## Assigned task:
Copy out the data below from the line containing "Close and Latch Lid" to the line containing "Interpretation of the", both lines included, with all images left out.

Segment Start: Records to process

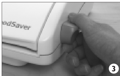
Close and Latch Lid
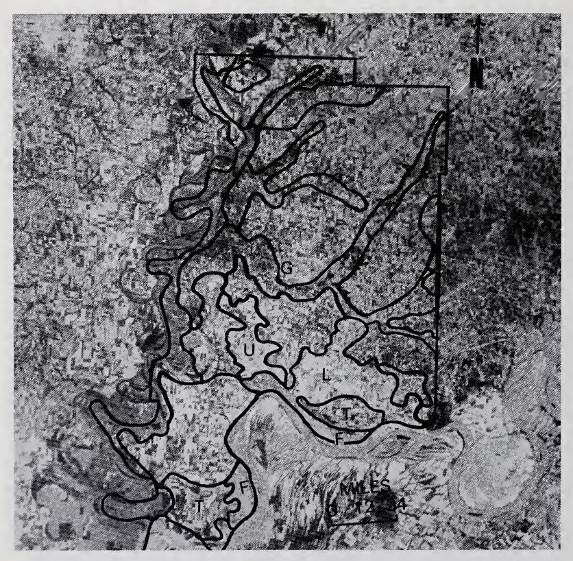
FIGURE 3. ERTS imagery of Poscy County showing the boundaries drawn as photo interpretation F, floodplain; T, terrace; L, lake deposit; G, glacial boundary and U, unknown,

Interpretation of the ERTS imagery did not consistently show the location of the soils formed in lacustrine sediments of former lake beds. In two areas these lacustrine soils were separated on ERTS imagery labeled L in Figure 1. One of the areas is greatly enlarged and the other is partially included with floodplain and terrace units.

Segment End: Records to process
Segment Start: Records to process

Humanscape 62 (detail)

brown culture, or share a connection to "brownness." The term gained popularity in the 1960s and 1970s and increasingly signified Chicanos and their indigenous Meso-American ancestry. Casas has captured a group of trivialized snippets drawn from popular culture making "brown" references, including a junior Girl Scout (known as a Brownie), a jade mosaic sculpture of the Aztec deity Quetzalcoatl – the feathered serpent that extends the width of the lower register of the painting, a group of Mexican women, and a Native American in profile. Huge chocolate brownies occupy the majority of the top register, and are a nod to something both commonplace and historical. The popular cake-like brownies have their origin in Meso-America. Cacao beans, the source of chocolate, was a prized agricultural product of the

Segment End: Records to process
Segment Start: Records to process

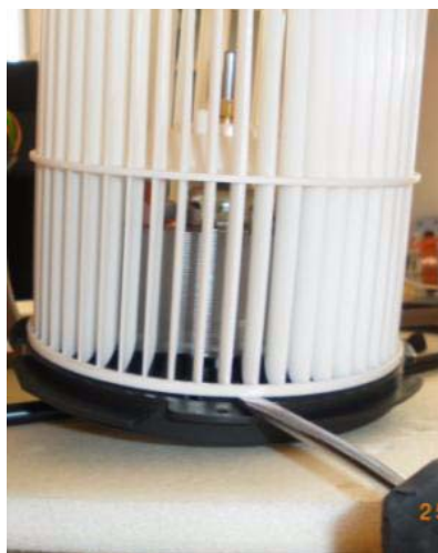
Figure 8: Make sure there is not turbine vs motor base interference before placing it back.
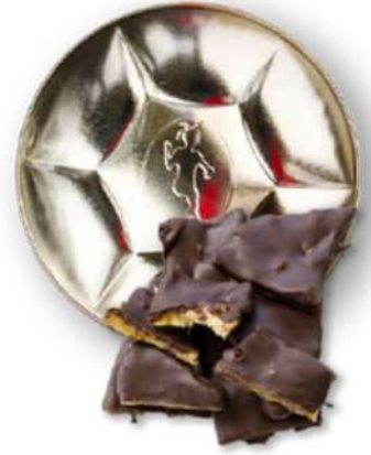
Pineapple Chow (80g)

Segment End: Records to process

## Result for this exercise:
Close and Latch Lid
FIGURE 3. ERTS imagery of Poscy County showing the boundaries drawn as photo interpretation F, floodplain; T, terrace; L, lake deposit; G, glacial boundary and U, unknown,

Interpretation of the ERTS imagery did not consistently show the location of the soils formed in lacustrine sediments of former lake beds. In two areas these lacustrine soils were separated on ERTS imagery labeled L in Figure 1. One of the areas is greatly enlarged and the other is partially included with floodplain and terrace units.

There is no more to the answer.